The specific heat of a substance shows how many calories of heat it takes to raise the temperature of 1 gram of that substance 1°C. Since it takes 1 calorie to raise the temperature of 1 gram of water 1°C, the specific heat of water is 1. The specific heat of a substance plays a tremendous role in meteorology because it is tied directly to temperature changes. For instance, the specific heat of earth in general is 0.33. This means it takes only 0.33 calorie to raise the temperature of 1 gram of earth 1°C. Stated another way, earth heats and cools three times as fast as water. Therefore, assuming the same amount of energy (calories) is available, water heats (and cools) at a slower rate than land does. The slower rate of heating and cooling of water is the reason temperature extremes occur over land areas while temperatures over water areas are more consistent.

The specific heat of various land surfaces is also different, though the difference between one land surface and another is not as great as between land and water. Dry sand or bare rock has the lowest specific heat. Forest areas have the highest specific heat. This difference in specific heat is another cause for differences in temperature for areas with different types of surfaces even when they are only a few miles apart; this difference is important in understanding the horizontal transport of heat (advection) on a smaller scale.

ADVECTION.— Advection is really a form of convection, but in meteorology it means the transfer of heat or other properties HORIZONTALLY. Convection is the term reserved for the VERTICAL transport of heat. In this manual the words convection and advection are used to mean the vertical and horizontal transfer of atmospheric properties, respectively.

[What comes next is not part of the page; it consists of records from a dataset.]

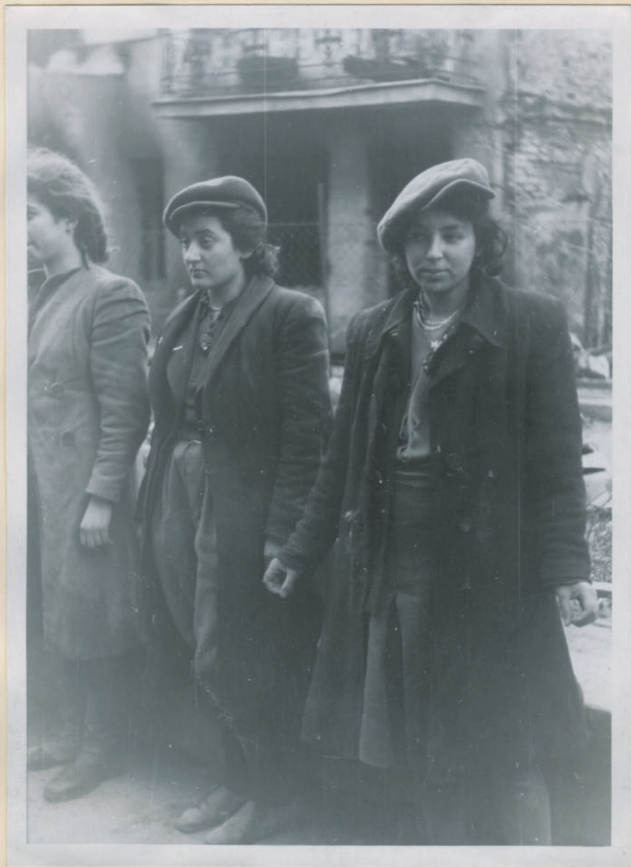
~ Wit Doppenhofmann Dieler der Galizienbewegung! ~
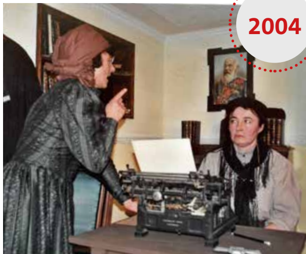
Beim nächsten Stück „Umdraht“ im Jahre 2004 wollten die Zuschauer dann schon 7 Aufführungen.
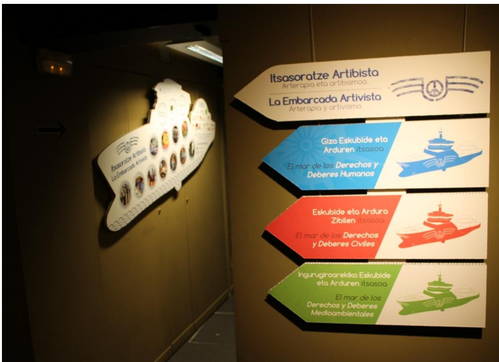
Vista parcial de la exposición

Arpillera de Gernika, País Vasco, Grupo de mujeres, Museo de la Paz de Gernika, taller realizado dentro de las actividades de la exposición COSIENDO PAZ: Conflicto, Arpilleras, Memoria , 2015-16.
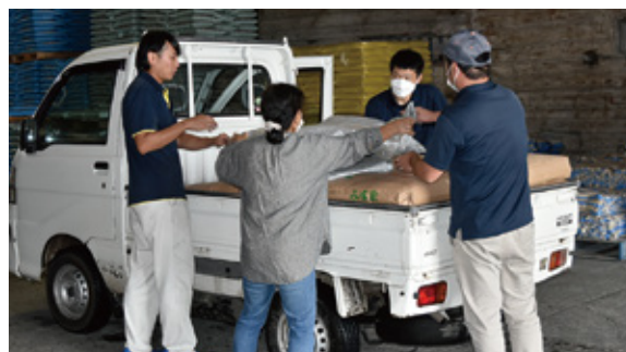
積み込み作業の様子
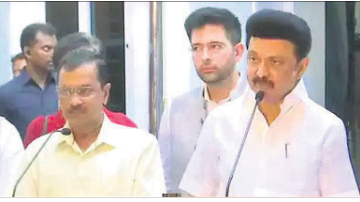
ଚେନାଇ ଠାରେ ଗୁରୁବାର ଚାଳିକନାଟୁ ପୁଣ୍ୟମନ୍ତ୍ରୀ ଏମ୍.କେ. ଷ୍ଟାଲିନିଜ୍ମ ସହ ଏଏପି ଆବାହକ ତଥା ଦିଲ୍ଲୀ ପୁଣ୍ୟମନ୍ତ୍ରୀ ଅଭିଯୋଗ କରିଛନ୍ତି।

ଚେନାଇ, ୧୨ ଦିଲ୍ଲୀ ସରକାରଙ୍କ ପ୍ରଶାସନିକ ସେବାକୁ ନିୟନ୍ତ୍ରଣ କରିବା ପାଇଁ କେନ୍ଦ୍ର ସରକାର ଆଣ୍ଡିଆ ଆଧ୍ୟାପକଙ୍କୁ ରାଜ୍ୟ ସଭାରେ ସଭାରେ ଉପସ୍ଥାପନ କରିବା ପାଇଁ ପୁଣ୍ୟମନ୍ତ୍ରୀ ଅଭିଯୋଗ କରିଛନ୍ତି। ଏହି କ୍ରମରେ ସେ ଗୁରୁବାର ଚାଳିକନାଟୁ ପୁଣ୍ୟମନ୍ତ୍ରୀ ଏମ୍.କେ. ଷ୍ଟାଲିନିଜ୍ମ ଭେଟି ଚାଳି ସମର୍ଥନ ଲୋଡ଼ିଥିଲେ। ଡିଏମ୍‌କେ ରାଜ୍ୟ ସଭାରେ ଏଏପିକୁ ସମର୍ଥନ କରିବେ ବୋଲି ଷ୍ଟାଲିନିଜ୍ମ ପ୍ରତିଷ୍ଠିତ ଦେବା ପରେ କେନ୍ଦ୍ର ଫାଇଲି ଚାଳି କୃତଜ୍ଞତା ଜଣାଇଛନ୍ତି। ଯଦି ନିର୍ବାଚିତ ସରକାରଙ୍କ ପ୍ରଶାସନ ଉପରେ ନିୟନ୍ତ୍ରଣ ନ ରହିବ, ତେବେ ନିର୍ବାଚିତ ସରକାରଙ୍କର କିଛି ମାନେ ନାହିଁ। ପ୍ରଥମ ଥର
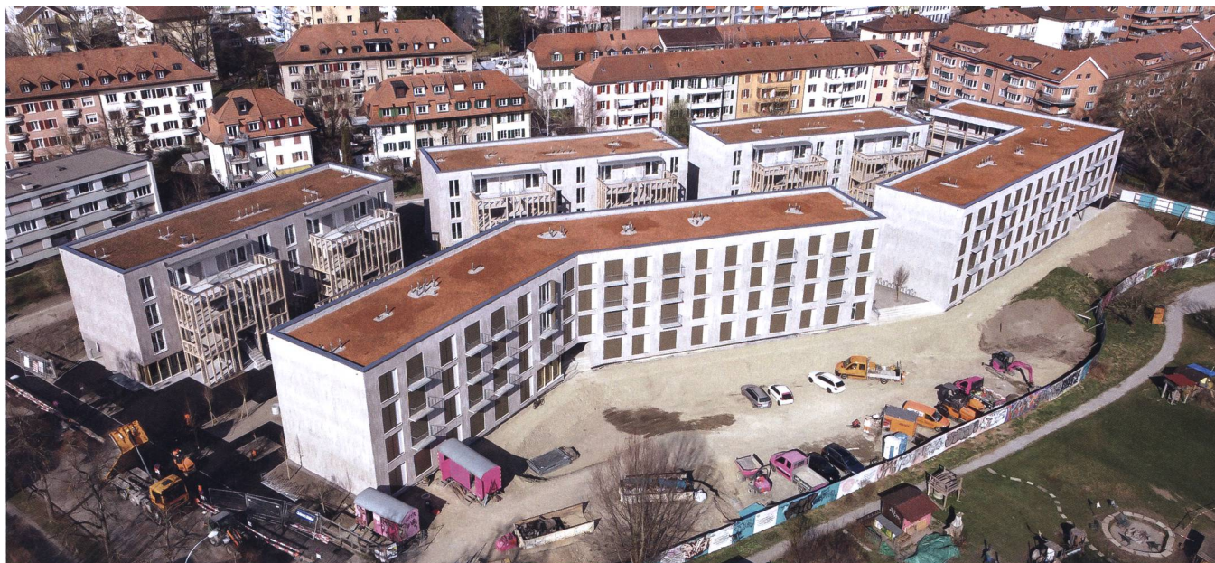
Die fünf Gebäude der Huebergass sind dicht gebaut und bilden zusammen eine innenhofartige Gasse.

Horizontal transfer of heat is achieved by motion of the air from one latitude and/or longitude to another. It is of major importance in the exchange of air between polar and equatorial regions. Since large masses of air are constantly on the move somewhere on Earth’s surface and aloft, advection is responsible for transporting more heat from place to place than any other physical motion. Transfer of heat by advection is achieved not only by the transport of warm air, but also by the transport of water vapor that releases heat when condensation occurs.